PROVIDED RECORDS ▸
--------------------------------------------------

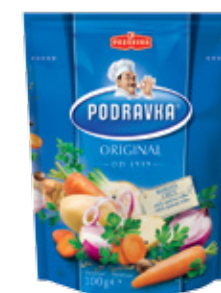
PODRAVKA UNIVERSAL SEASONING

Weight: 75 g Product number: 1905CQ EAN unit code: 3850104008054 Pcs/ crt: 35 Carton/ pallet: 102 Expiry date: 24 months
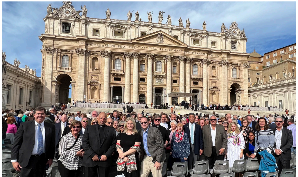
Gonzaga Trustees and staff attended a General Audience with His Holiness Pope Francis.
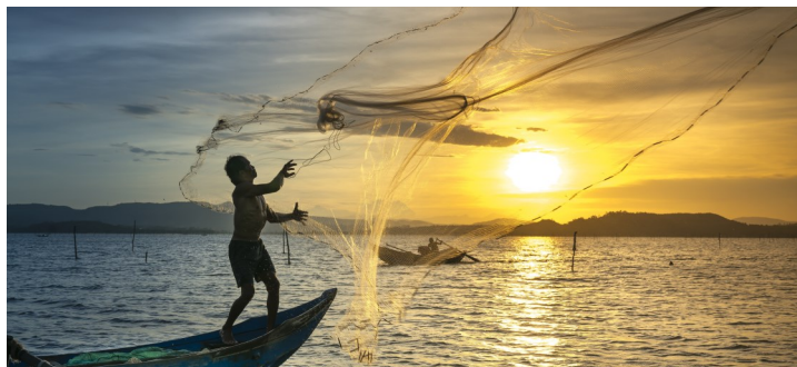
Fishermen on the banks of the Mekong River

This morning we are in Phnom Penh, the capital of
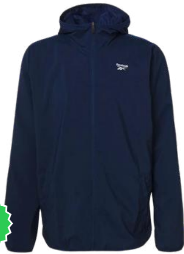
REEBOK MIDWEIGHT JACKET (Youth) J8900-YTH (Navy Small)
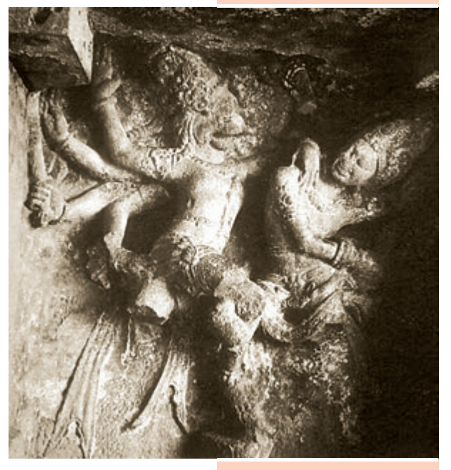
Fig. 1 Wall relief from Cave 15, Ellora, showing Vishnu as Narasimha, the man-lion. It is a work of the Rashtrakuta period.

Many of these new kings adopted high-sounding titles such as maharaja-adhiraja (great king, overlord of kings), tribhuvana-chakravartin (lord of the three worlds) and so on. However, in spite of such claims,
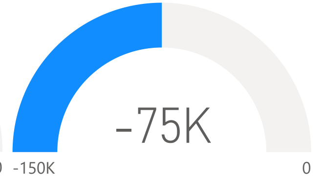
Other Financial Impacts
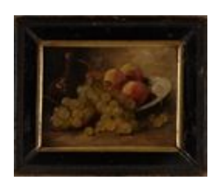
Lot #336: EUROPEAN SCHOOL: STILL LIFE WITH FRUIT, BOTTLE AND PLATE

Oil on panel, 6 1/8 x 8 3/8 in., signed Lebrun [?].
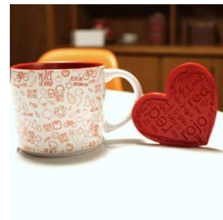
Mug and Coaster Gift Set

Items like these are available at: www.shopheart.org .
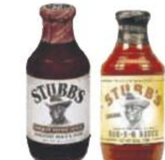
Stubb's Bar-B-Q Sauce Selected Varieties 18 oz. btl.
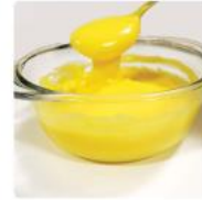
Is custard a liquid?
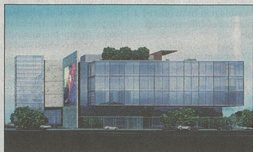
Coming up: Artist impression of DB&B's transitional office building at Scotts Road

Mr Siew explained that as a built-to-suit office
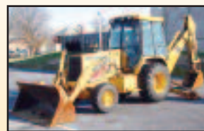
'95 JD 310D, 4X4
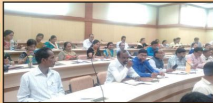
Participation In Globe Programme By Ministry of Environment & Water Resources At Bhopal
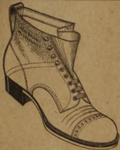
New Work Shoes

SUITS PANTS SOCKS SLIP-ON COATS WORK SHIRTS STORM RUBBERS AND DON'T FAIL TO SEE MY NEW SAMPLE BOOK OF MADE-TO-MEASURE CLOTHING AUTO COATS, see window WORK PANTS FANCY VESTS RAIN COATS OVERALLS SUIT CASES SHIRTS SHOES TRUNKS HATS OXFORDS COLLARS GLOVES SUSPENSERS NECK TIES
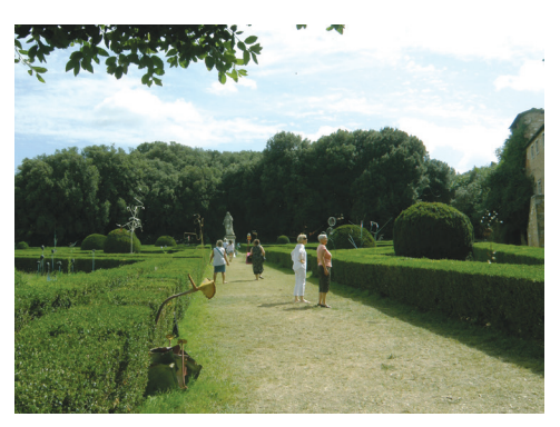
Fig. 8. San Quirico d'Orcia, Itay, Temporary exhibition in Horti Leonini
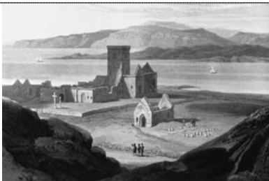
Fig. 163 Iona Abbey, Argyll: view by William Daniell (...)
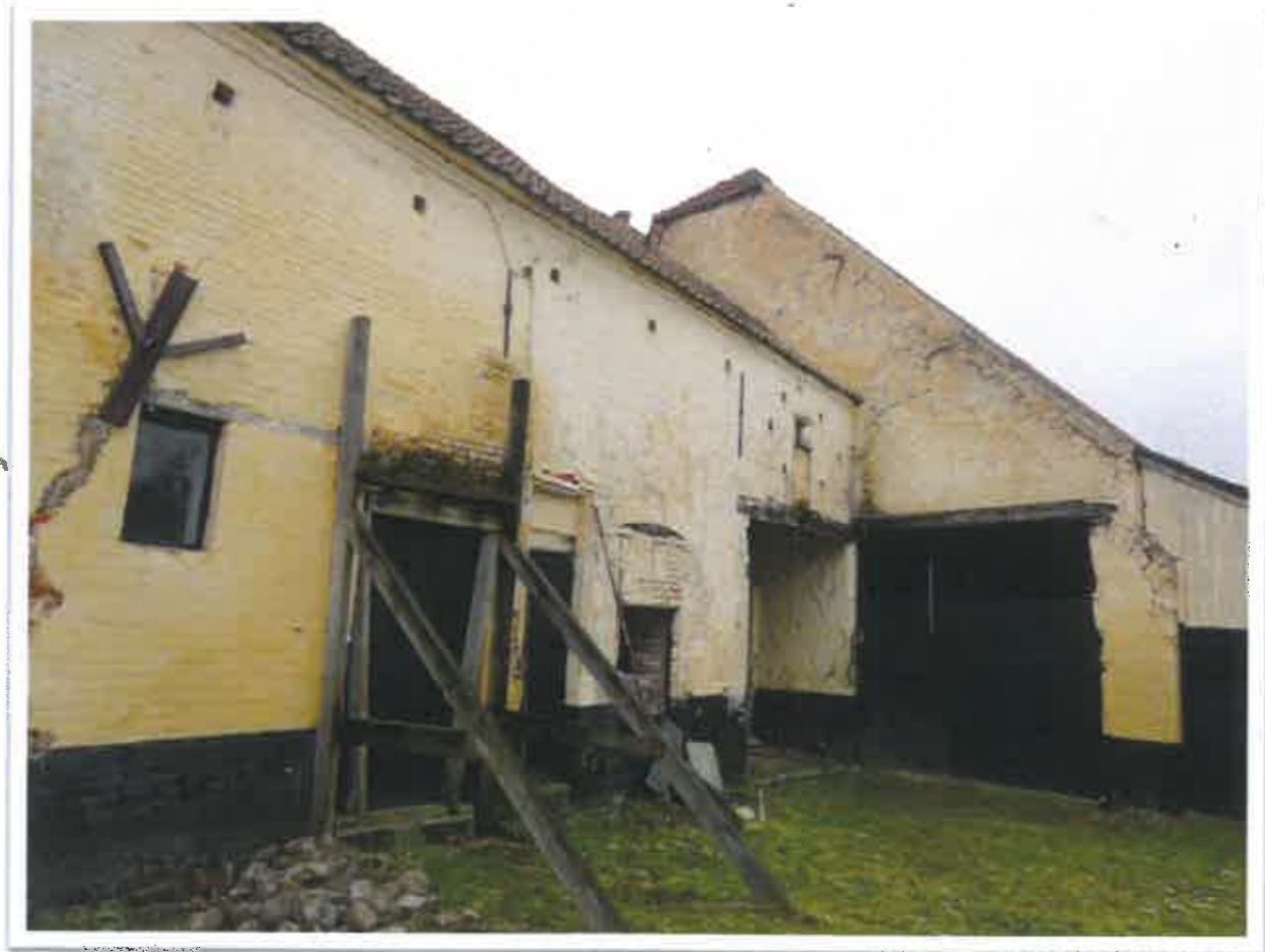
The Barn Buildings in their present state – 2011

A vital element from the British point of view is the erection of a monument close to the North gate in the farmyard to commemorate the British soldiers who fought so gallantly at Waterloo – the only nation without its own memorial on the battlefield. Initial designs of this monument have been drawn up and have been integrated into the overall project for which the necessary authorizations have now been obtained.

--------------------------------------------------

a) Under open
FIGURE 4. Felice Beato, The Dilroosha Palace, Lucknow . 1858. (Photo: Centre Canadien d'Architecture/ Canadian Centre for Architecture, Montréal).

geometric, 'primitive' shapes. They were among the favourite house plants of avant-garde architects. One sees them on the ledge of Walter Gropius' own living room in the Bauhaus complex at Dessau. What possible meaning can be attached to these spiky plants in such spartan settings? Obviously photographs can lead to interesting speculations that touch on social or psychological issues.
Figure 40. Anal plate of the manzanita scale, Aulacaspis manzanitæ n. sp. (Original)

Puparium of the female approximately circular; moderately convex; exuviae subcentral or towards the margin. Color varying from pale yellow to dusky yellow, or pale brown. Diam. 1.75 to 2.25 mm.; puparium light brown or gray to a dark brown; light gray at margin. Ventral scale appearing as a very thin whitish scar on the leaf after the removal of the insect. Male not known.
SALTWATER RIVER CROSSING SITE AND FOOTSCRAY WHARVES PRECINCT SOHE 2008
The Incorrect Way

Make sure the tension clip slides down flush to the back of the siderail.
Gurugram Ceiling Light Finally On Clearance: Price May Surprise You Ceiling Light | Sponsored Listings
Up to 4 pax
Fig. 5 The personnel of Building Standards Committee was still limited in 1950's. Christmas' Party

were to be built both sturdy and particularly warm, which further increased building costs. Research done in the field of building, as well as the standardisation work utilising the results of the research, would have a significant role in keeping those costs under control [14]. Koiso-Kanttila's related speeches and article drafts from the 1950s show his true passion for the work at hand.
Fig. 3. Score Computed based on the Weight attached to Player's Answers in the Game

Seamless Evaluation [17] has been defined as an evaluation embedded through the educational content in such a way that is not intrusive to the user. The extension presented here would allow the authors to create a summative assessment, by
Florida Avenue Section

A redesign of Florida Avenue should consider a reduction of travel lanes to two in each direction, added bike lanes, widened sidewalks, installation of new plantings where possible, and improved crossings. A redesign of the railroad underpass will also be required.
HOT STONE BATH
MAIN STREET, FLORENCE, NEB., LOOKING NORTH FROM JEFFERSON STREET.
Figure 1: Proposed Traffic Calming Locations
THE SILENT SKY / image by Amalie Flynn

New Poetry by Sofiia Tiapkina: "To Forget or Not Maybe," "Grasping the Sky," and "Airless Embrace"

--------------------------------------------------

AIM OF THE EXERCISE ▸ Text only, no pictures: please print exactly the lines above from the line with "Items like these" up to and including the line with "A vital element", and nothing else.

RESULT FOR THIS EXERCISE ▸
Items like these are available at: www.shopheart.org .
Stubb's Bar-B-Q Sauce Selected Varieties 18 oz. btl.
Is custard a liquid?
Coming up: Artist impression of DB&B's transitional office building at Scotts Road

Mr Siew explained that as a built-to-suit office
'95 JD 310D, 4X4
Participation In Globe Programme By Ministry of Environment & Water Resources At Bhopal
New Work Shoes

SUITS PANTS SOCKS SLIP-ON COATS WORK SHIRTS STORM RUBBERS AND DON'T FAIL TO SEE MY NEW SAMPLE BOOK OF MADE-TO-MEASURE CLOTHING AUTO COATS, see window WORK PANTS FANCY VESTS RAIN COATS OVERALLS SUIT CASES SHIRTS SHOES TRUNKS HATS OXFORDS COLLARS GLOVES SUSPENSERS NECK TIES
Fig. 8. San Quirico d'Orcia, Itay, Temporary exhibition in Horti Leonini
Fig. 163 Iona Abbey, Argyll: view by William Daniell (...)
The Barn Buildings in their present state – 2011

A vital element from the British point of view is the erection of a monument close to the North gate in the farmyard to commemorate the British soldiers who fought so gallantly at Waterloo – the only nation without its own memorial on the battlefield. Initial designs of this monument have been drawn up and have been integrated into the overall project for which the necessary authorizations have now been obtained.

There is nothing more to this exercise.